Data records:
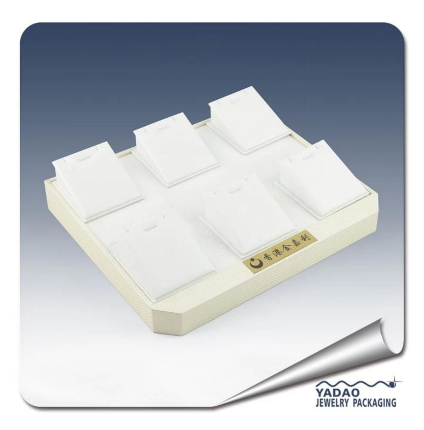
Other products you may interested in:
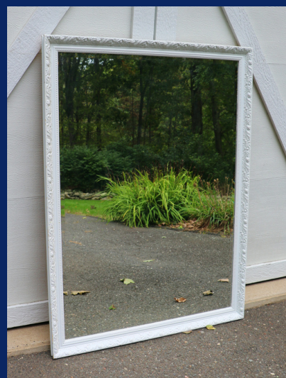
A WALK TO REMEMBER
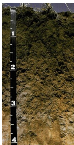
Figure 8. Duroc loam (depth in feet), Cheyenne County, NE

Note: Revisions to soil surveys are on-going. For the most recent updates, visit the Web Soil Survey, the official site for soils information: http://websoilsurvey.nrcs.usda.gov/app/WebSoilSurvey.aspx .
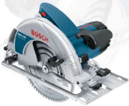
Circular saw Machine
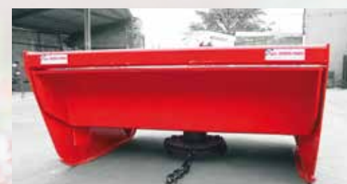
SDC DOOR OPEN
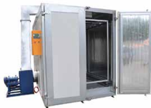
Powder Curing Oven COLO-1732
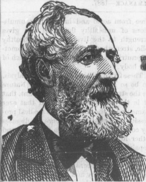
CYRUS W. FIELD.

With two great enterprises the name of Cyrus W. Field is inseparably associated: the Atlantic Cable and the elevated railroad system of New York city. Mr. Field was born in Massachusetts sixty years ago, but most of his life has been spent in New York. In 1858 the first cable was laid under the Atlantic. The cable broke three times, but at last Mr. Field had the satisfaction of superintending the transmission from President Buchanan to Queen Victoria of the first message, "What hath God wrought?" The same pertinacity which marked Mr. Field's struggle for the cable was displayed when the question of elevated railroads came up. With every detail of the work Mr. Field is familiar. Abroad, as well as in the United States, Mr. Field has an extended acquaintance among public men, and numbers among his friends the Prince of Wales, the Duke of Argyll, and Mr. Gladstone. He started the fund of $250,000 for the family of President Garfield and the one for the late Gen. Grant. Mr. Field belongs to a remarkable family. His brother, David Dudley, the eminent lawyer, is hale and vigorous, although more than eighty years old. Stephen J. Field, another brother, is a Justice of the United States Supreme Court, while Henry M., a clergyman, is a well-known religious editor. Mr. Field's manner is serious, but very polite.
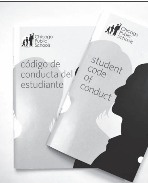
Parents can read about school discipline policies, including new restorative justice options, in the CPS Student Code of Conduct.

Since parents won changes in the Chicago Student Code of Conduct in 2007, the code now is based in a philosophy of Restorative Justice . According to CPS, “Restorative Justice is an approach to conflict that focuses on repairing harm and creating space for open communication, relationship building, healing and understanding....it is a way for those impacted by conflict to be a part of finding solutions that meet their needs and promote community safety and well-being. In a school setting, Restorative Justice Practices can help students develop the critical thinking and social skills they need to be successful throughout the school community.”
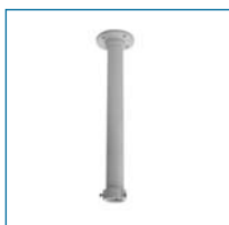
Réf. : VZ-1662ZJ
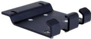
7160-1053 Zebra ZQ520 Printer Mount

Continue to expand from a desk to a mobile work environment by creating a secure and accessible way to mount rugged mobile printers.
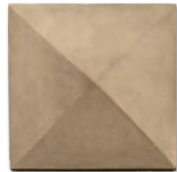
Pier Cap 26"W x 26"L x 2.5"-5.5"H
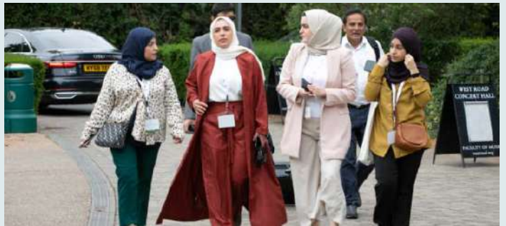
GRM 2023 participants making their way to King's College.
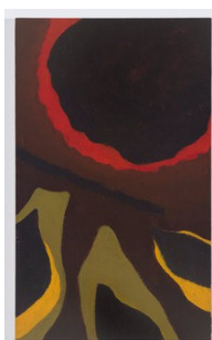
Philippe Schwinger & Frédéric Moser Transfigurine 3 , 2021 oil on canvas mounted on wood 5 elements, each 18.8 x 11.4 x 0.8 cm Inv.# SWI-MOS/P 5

» **Task**
What is needed is an exact repeat of the records, with every picture left out.

» **Task response**
Other products you may interested in:
A WALK TO REMEMBER
Figure 8. Duroc loam (depth in feet), Cheyenne County, NE

Note: Revisions to soil surveys are on-going. For the most recent updates, visit the Web Soil Survey, the official site for soils information: http://websoilsurvey.nrcs.usda.gov/app/WebSoilSurvey.aspx .
Circular saw Machine
SDC DOOR OPEN
Powder Curing Oven COLO-1732
CYRUS W. FIELD.

With two great enterprises the name of Cyrus W. Field is inseparably associated: the Atlantic Cable and the elevated railroad system of New York city. Mr. Field was born in Massachusetts sixty years ago, but most of his life has been spent in New York. In 1858 the first cable was laid under the Atlantic. The cable broke three times, but at last Mr. Field had the satisfaction of superintending the transmission from President Buchanan to Queen Victoria of the first message, "What hath God wrought?" The same pertinacity which marked Mr. Field's struggle for the cable was displayed when the question of elevated railroads came up. With every detail of the work Mr. Field is familiar. Abroad, as well as in the United States, Mr. Field has an extended acquaintance among public men, and numbers among his friends the Prince of Wales, the Duke of Argyll, and Mr. Gladstone. He started the fund of $250,000 for the family of President Garfield and the one for the late Gen. Grant. Mr. Field belongs to a remarkable family. His brother, David Dudley, the eminent lawyer, is hale and vigorous, although more than eighty years old. Stephen J. Field, another brother, is a Justice of the United States Supreme Court, while Henry M., a clergyman, is a well-known religious editor. Mr. Field's manner is serious, but very polite.
Parents can read about school discipline policies, including new restorative justice options, in the CPS Student Code of Conduct.

Since parents won changes in the Chicago Student Code of Conduct in 2007, the code now is based in a philosophy of Restorative Justice . According to CPS, “Restorative Justice is an approach to conflict that focuses on repairing harm and creating space for open communication, relationship building, healing and understanding....it is a way for those impacted by conflict to be a part of finding solutions that meet their needs and promote community safety and well-being. In a school setting, Restorative Justice Practices can help students develop the critical thinking and social skills they need to be successful throughout the school community.”
Réf. : VZ-1662ZJ
7160-1053 Zebra ZQ520 Printer Mount

Continue to expand from a desk to a mobile work environment by creating a secure and accessible way to mount rugged mobile printers.
Pier Cap 26"W x 26"L x 2.5"-5.5"H
GRM 2023 participants making their way to King's College.
Philippe Schwinger & Frédéric Moser Transfigurine 3 , 2021 oil on canvas mounted on wood 5 elements, each 18.8 x 11.4 x 0.8 cm Inv.# SWI-MOS/P 5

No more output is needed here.